* Task brief *
All of the data below must be reproduced word for word, but without its images.

* Given information *
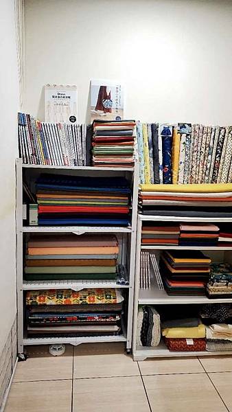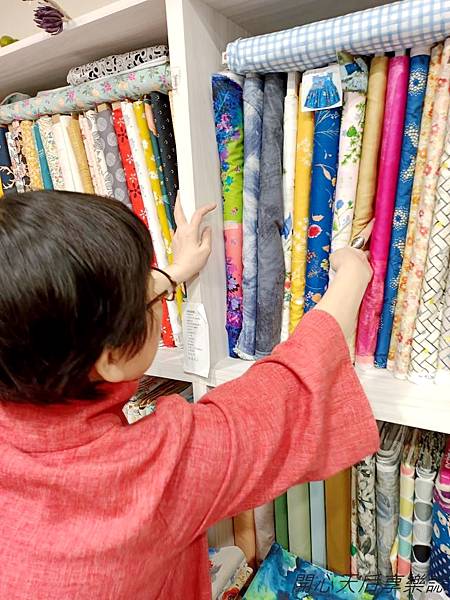 老師愛設計、愛手作,把賞布當成賞一幅畫,勤於參觀布展,收集各式美麗有設計感的布料,大部分是以購入自用、教學為主,所以非常重視品質來源,目前以日本、美國較高檔品質的優良布料為主,也購買一些通過歐盟認證的無毒布料;因為老師認為皮膚是人體最大的吸收器官,而染料大多帶有毒性,因此她格外重視無毒布料
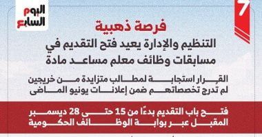 التنظيم والإدارة يعيد فتح التقديم في مسابقات وظائف معلم مساعد مادة
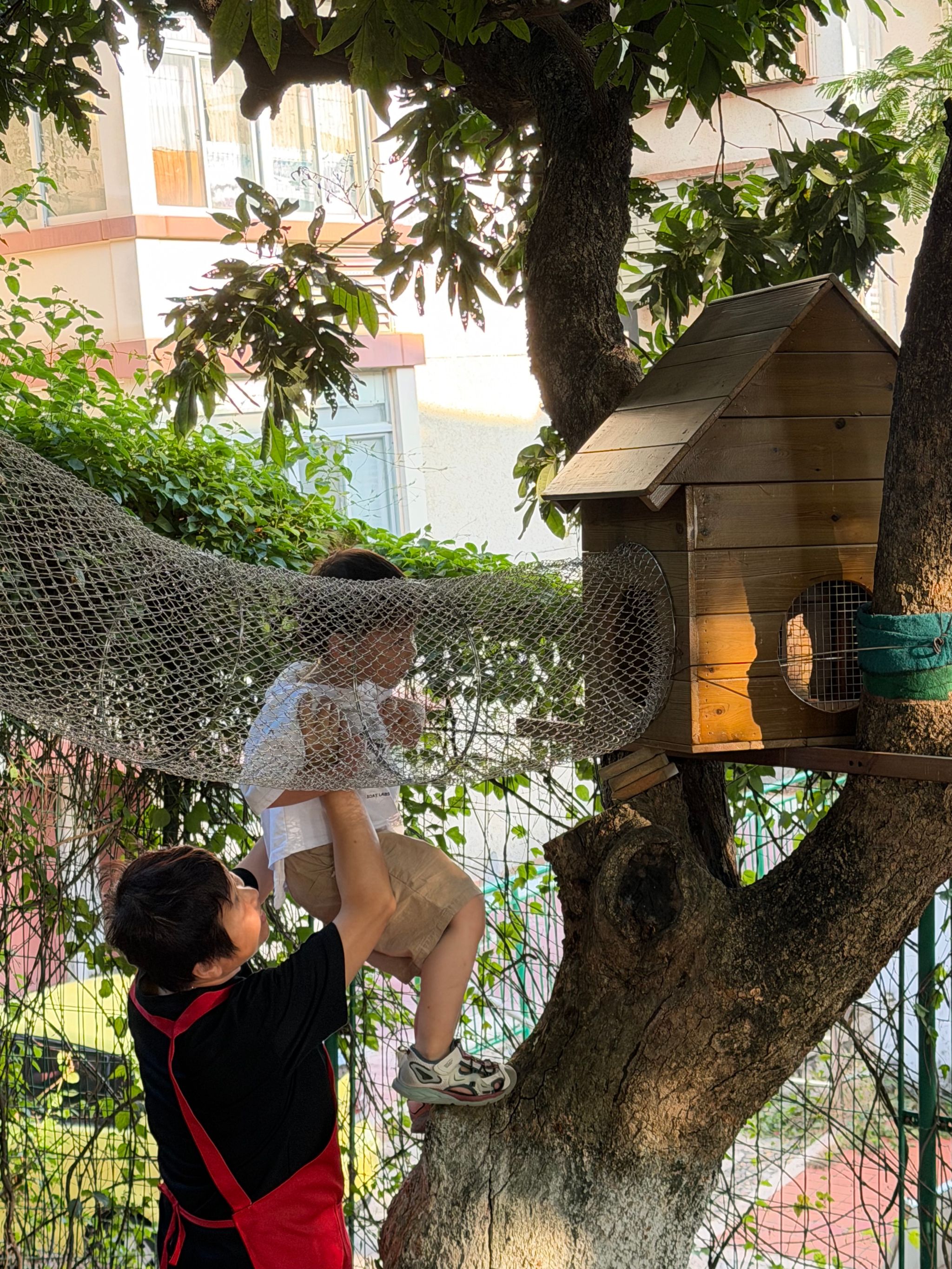 在这里,孩子们化身“小小探险家”,在蜿蜒的迷宫里穿梭,每一次转弯都藏着发现的惊喜,每一次找到出口的瞬间,都响起清脆的欢呼;山坡的小木屋滑、阳光小屋、“鳄鱼荡桥”……玩的不亦乐乎!

* Response area *
 老師愛設計、愛手作,把賞布當成賞一幅畫,勤於參觀布展,收集各式美麗有設計感的布料,大部分是以購入自用、教學為主,所以非常重視品質來源,目前以日本、美國較高檔品質的優良布料為主,也購買一些通過歐盟認證的無毒布料;因為老師認為皮膚是人體最大的吸收器官,而染料大多帶有毒性,因此她格外重視無毒布料
 التنظيم والإدارة يعيد فتح التقديم في مسابقات وظائف معلم مساعد مادة
 在这里,孩子们化身“小小探险家”,在蜿蜒的迷宫里穿梭,每一次转弯都藏着发现的惊喜,每一次找到出口的瞬间,都响起清脆的欢呼;山坡的小木屋滑、阳光小屋、“鳄鱼荡桥”……玩的不亦乐乎!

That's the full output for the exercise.